### WHAT YOU HAVE TO DO:
All of the data should be reproduced word for word, though its pictures must be omitted.

### PROVIDED MATERIAL:
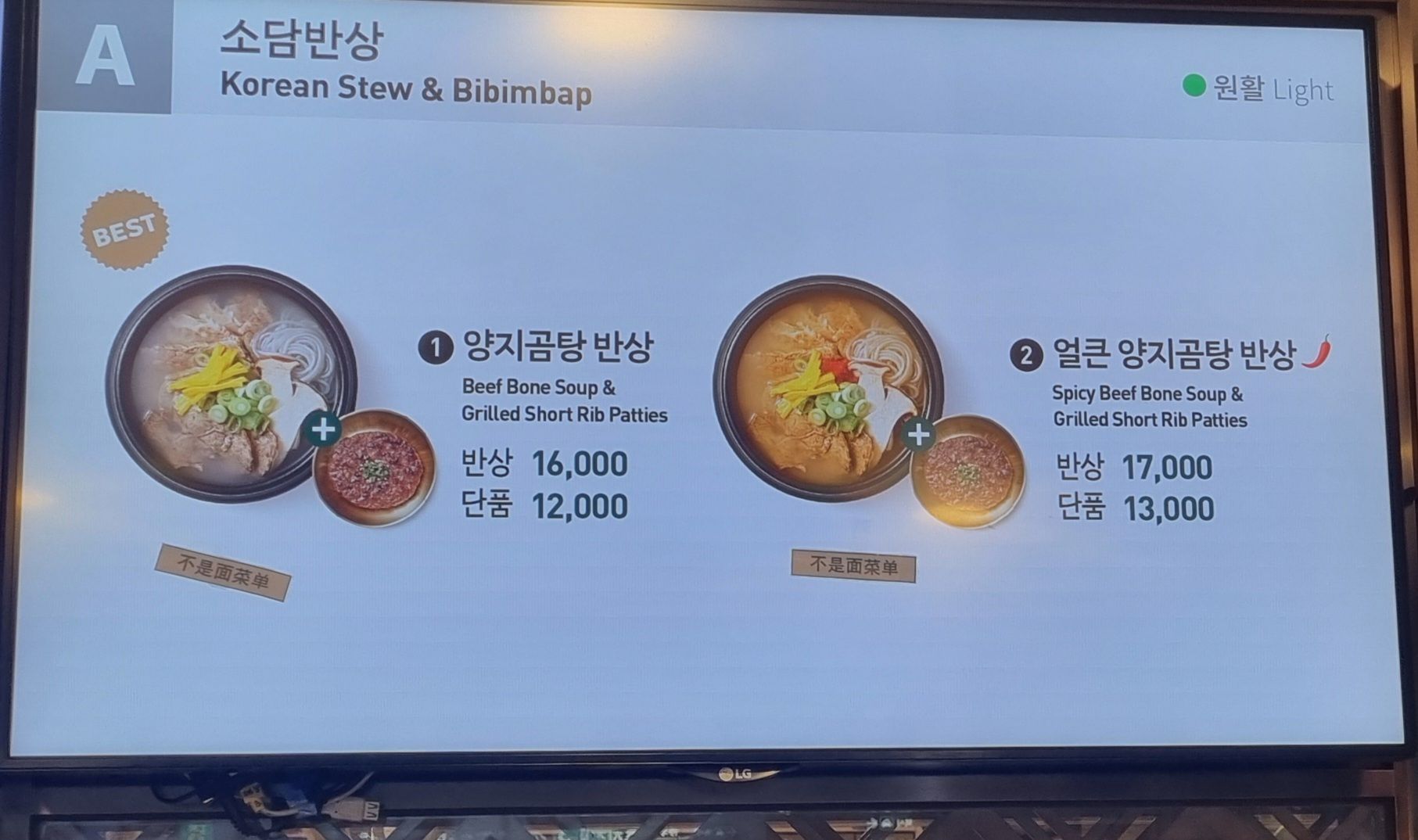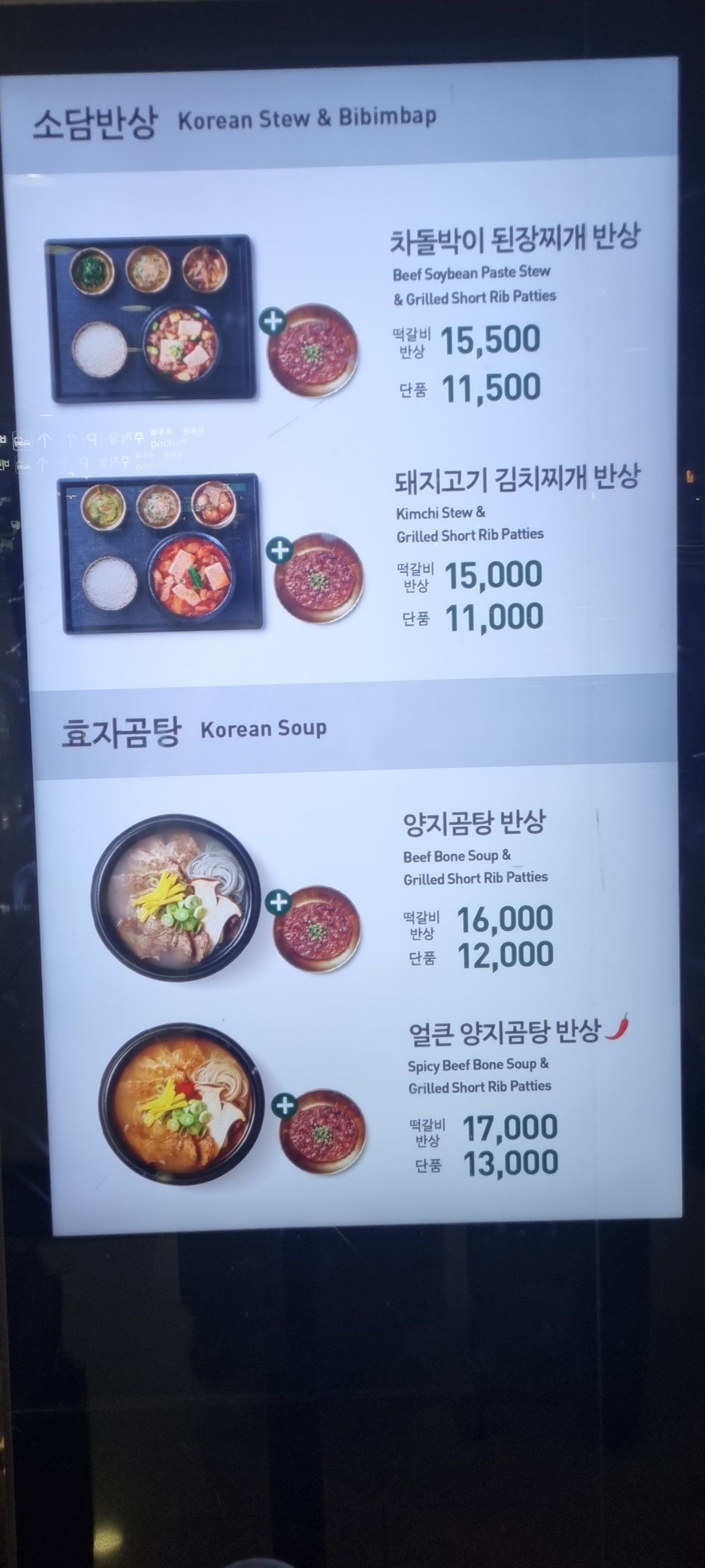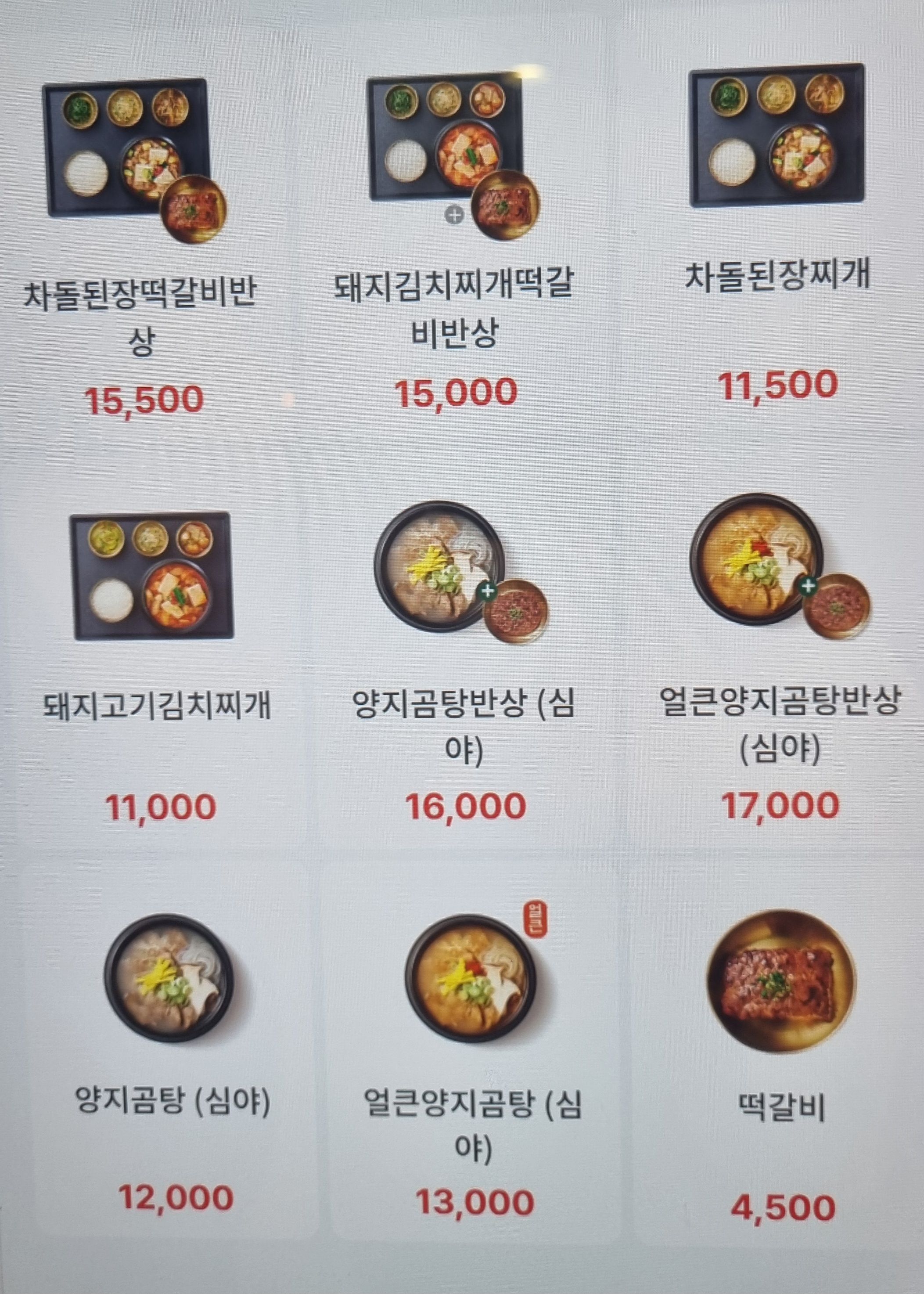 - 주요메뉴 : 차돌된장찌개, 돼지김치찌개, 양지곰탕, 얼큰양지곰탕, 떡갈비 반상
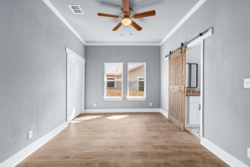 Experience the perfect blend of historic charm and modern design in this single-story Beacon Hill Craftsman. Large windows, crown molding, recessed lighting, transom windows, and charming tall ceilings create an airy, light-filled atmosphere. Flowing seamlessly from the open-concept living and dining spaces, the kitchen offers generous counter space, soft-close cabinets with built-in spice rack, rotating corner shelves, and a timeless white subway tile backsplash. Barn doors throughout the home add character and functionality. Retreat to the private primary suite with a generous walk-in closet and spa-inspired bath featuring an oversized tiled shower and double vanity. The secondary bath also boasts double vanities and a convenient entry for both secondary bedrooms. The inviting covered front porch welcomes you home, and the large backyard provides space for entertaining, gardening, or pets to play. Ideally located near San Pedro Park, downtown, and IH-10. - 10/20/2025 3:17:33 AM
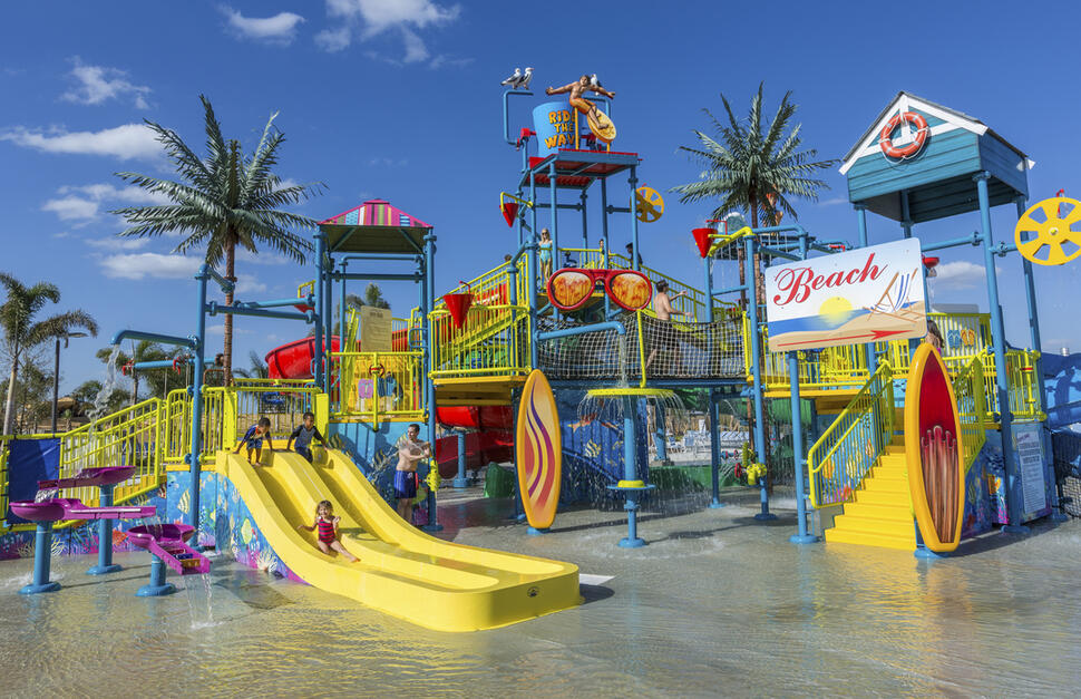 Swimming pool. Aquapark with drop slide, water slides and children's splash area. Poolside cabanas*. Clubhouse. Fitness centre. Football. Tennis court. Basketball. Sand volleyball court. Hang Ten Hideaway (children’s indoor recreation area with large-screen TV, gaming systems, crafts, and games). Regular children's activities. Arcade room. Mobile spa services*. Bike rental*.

### REPLY:
 - 주요메뉴 : 차돌된장찌개, 돼지김치찌개, 양지곰탕, 얼큰양지곰탕, 떡갈비 반상
 Experience the perfect blend of historic charm and modern design in this single-story Beacon Hill Craftsman. Large windows, crown molding, recessed lighting, transom windows, and charming tall ceilings create an airy, light-filled atmosphere. Flowing seamlessly from the open-concept living and dining spaces, the kitchen offers generous counter space, soft-close cabinets with built-in spice rack, rotating corner shelves, and a timeless white subway tile backsplash. Barn doors throughout the home add character and functionality. Retreat to the private primary suite with a generous walk-in closet and spa-inspired bath featuring an oversized tiled shower and double vanity. The secondary bath also boasts double vanities and a convenient entry for both secondary bedrooms. The inviting covered front porch welcomes you home, and the large backyard provides space for entertaining, gardening, or pets to play. Ideally located near San Pedro Park, downtown, and IH-10. - 10/20/2025 3:17:33 AM
 Swimming pool. Aquapark with drop slide, water slides and children's splash area. Poolside cabanas*. Clubhouse. Fitness centre. Football. Tennis court. Basketball. Sand volleyball court. Hang Ten Hideaway (children’s indoor recreation area with large-screen TV, gaming systems, crafts, and games). Regular children's activities. Arcade room. Mobile spa services*. Bike rental*.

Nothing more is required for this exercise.